## Supplied data
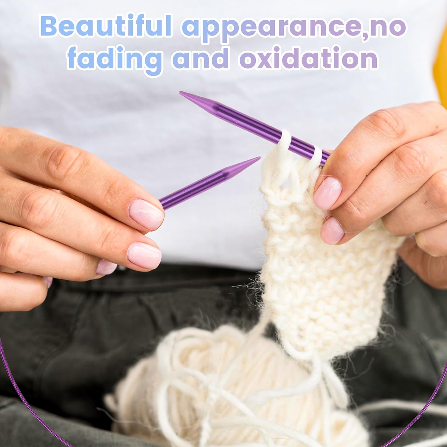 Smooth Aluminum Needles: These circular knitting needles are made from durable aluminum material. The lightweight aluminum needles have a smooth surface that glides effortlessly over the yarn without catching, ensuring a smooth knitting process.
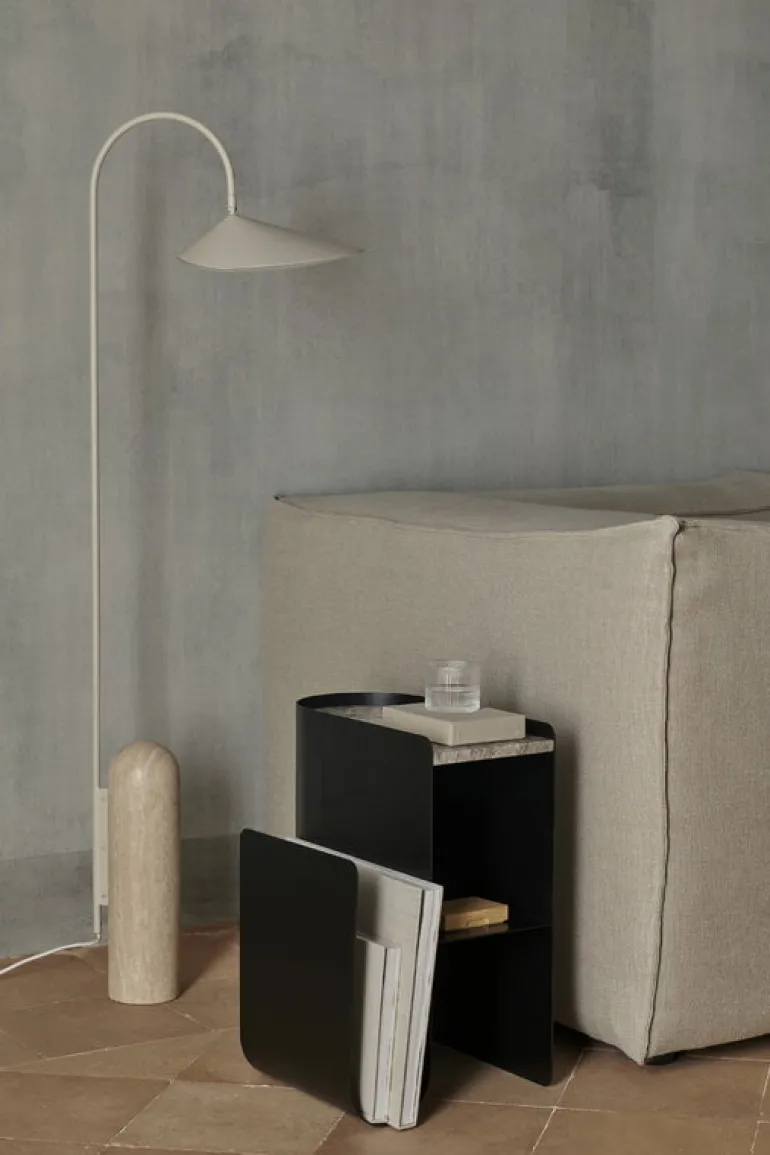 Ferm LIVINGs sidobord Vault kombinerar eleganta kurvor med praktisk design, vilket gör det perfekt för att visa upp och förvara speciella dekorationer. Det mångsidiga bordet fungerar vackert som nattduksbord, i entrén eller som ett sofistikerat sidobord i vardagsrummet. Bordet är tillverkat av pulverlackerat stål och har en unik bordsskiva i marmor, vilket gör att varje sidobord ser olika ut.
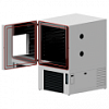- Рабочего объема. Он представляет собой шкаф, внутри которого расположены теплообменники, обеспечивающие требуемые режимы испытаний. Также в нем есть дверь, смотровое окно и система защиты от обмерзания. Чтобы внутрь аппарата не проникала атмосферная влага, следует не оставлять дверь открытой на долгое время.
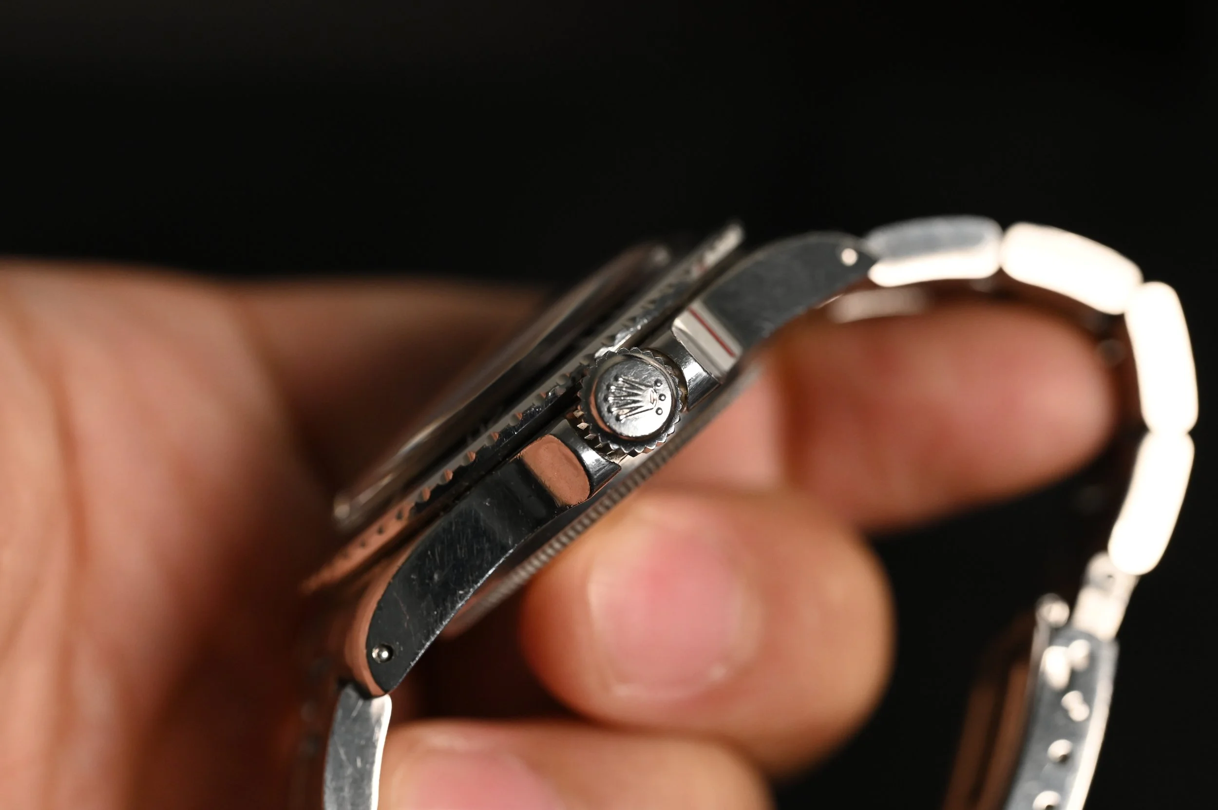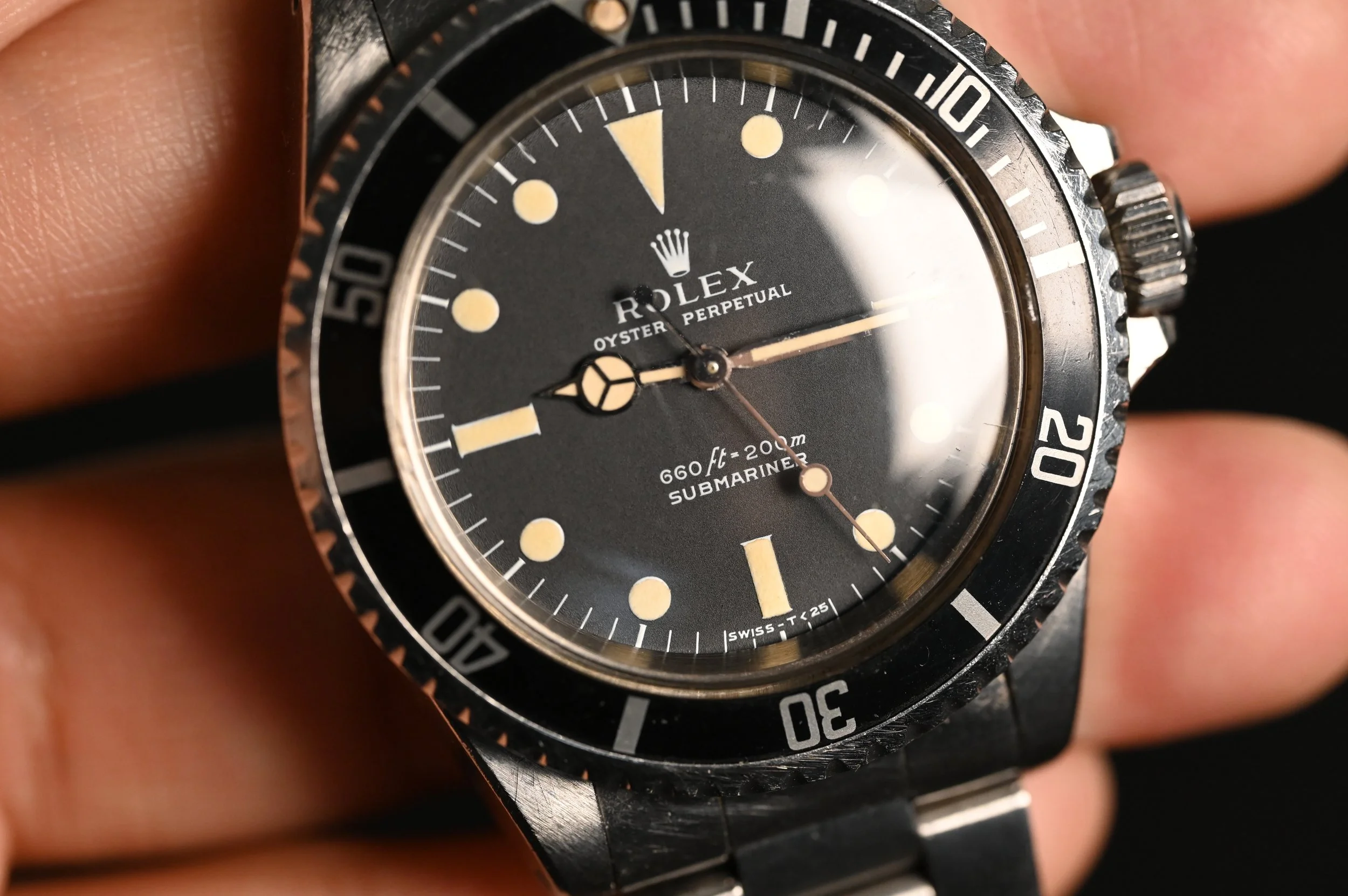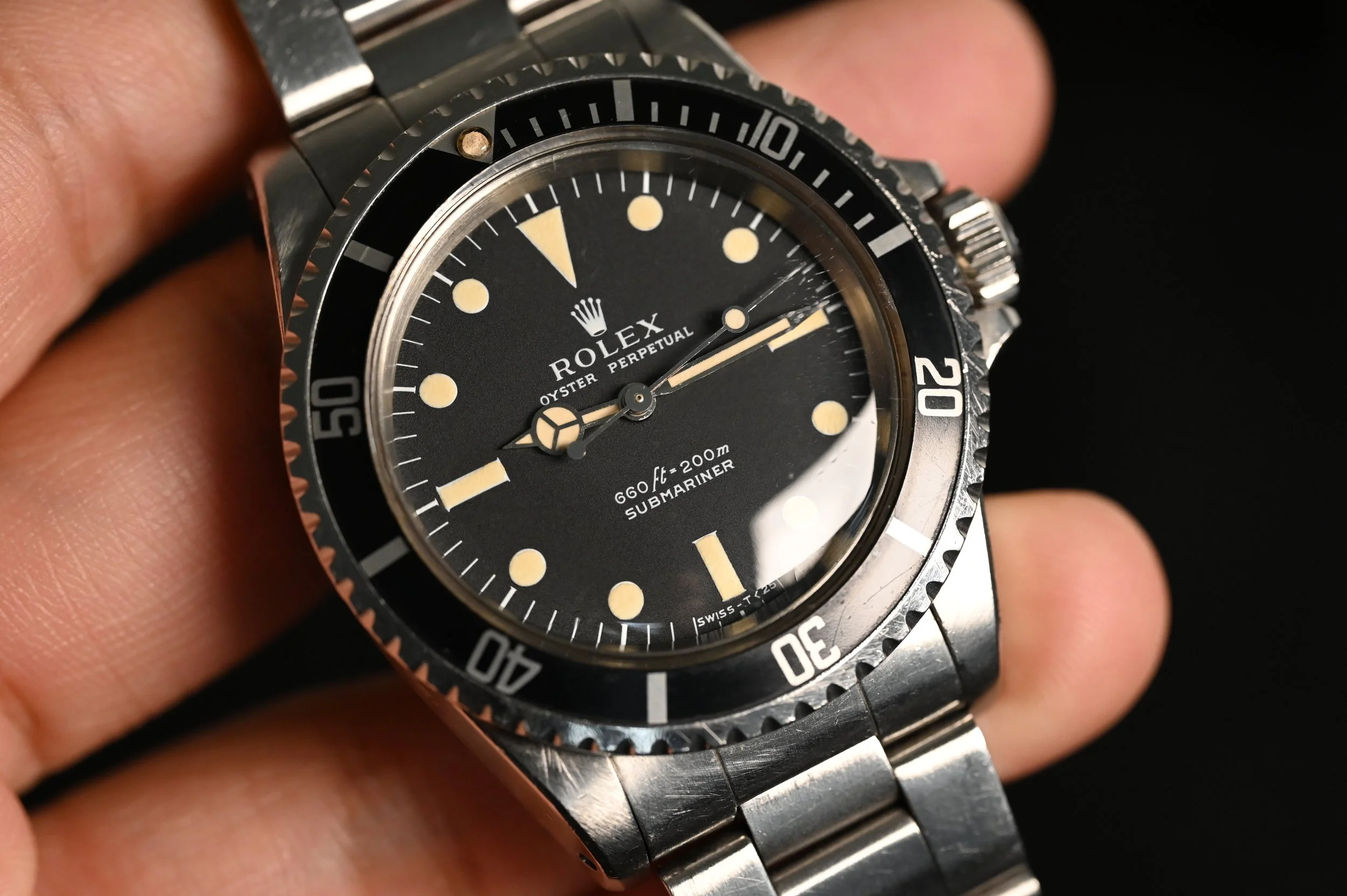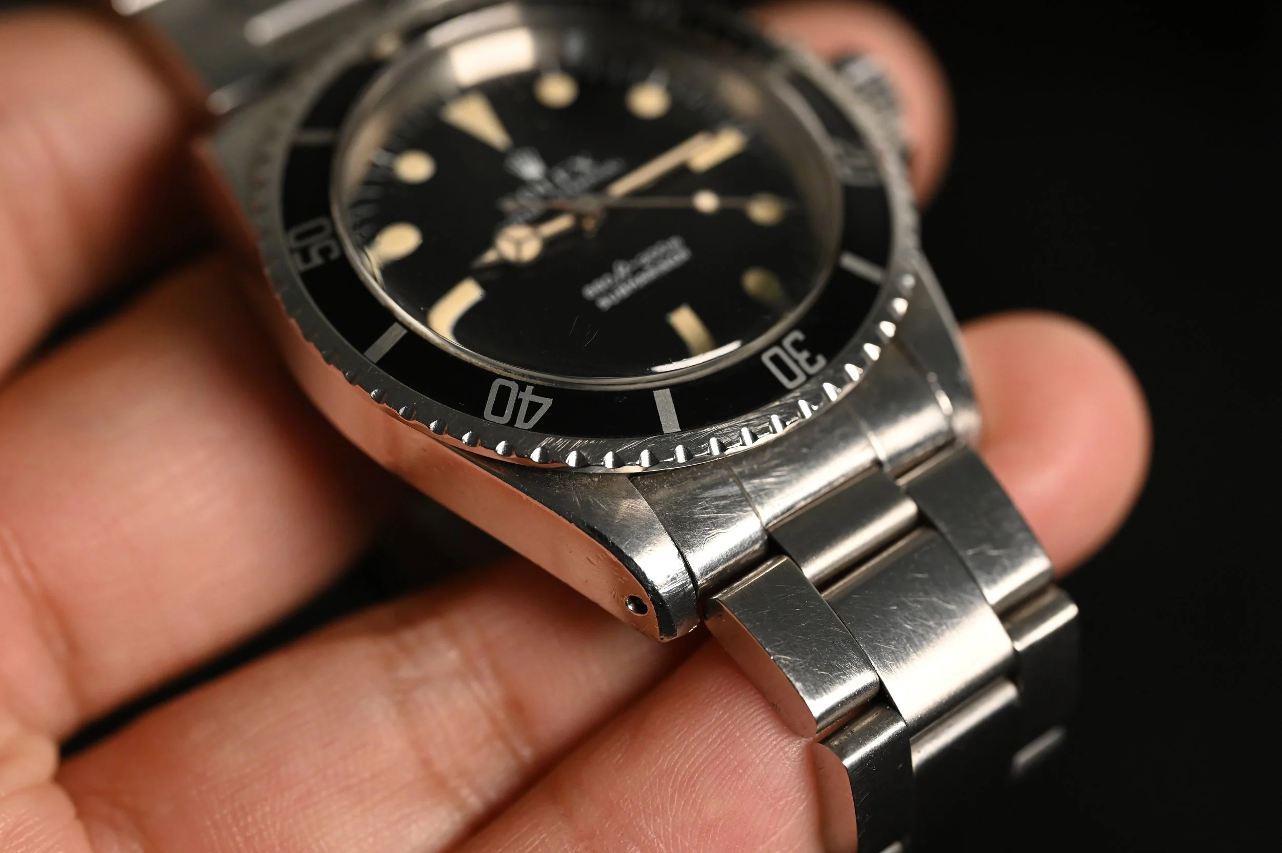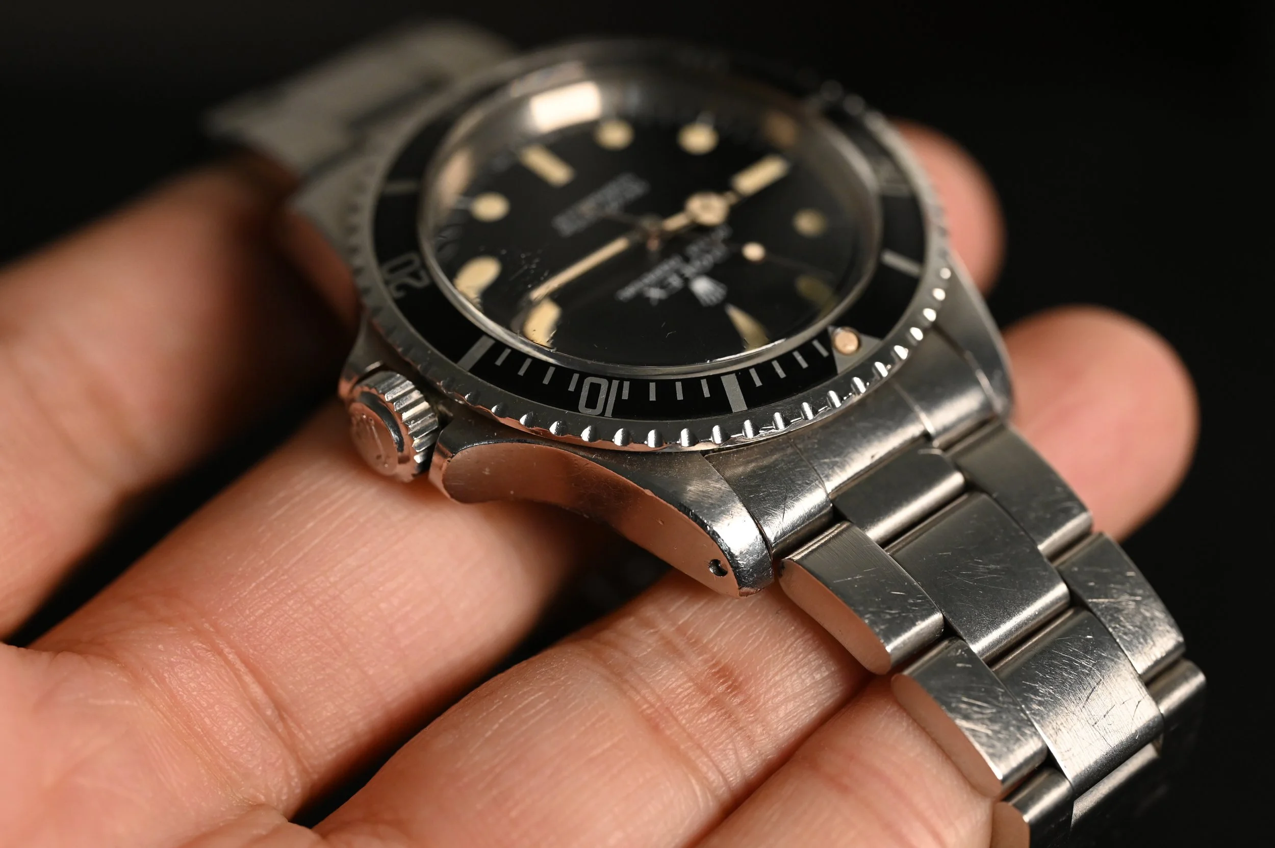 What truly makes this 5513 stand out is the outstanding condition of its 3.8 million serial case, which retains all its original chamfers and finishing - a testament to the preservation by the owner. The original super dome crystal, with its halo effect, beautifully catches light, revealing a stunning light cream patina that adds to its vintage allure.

## Exercise directions
Output exactly the lines of the listing above that start with the one holding "Ferm LIVINGs sidobord" and go on through the one holding "- Рабочего объема."; leave the pictures out.

## Task response
 Ferm LIVINGs sidobord Vault kombinerar eleganta kurvor med praktisk design, vilket gör det perfekt för att visa upp och förvara speciella dekorationer. Det mångsidiga bordet fungerar vackert som nattduksbord, i entrén eller som ett sofistikerat sidobord i vardagsrummet. Bordet är tillverkat av pulverlackerat stål och har en unik bordsskiva i marmor, vilket gör att varje sidobord ser olika ut.
- Рабочего объема. Он представляет собой шкаф, внутри которого расположены теплообменники, обеспечивающие требуемые режимы испытаний. Также в нем есть дверь, смотровое окно и система защиты от обмерзания. Чтобы внутрь аппарата не проникала атмосферная влага, следует не оставлять дверь открытой на долгое время.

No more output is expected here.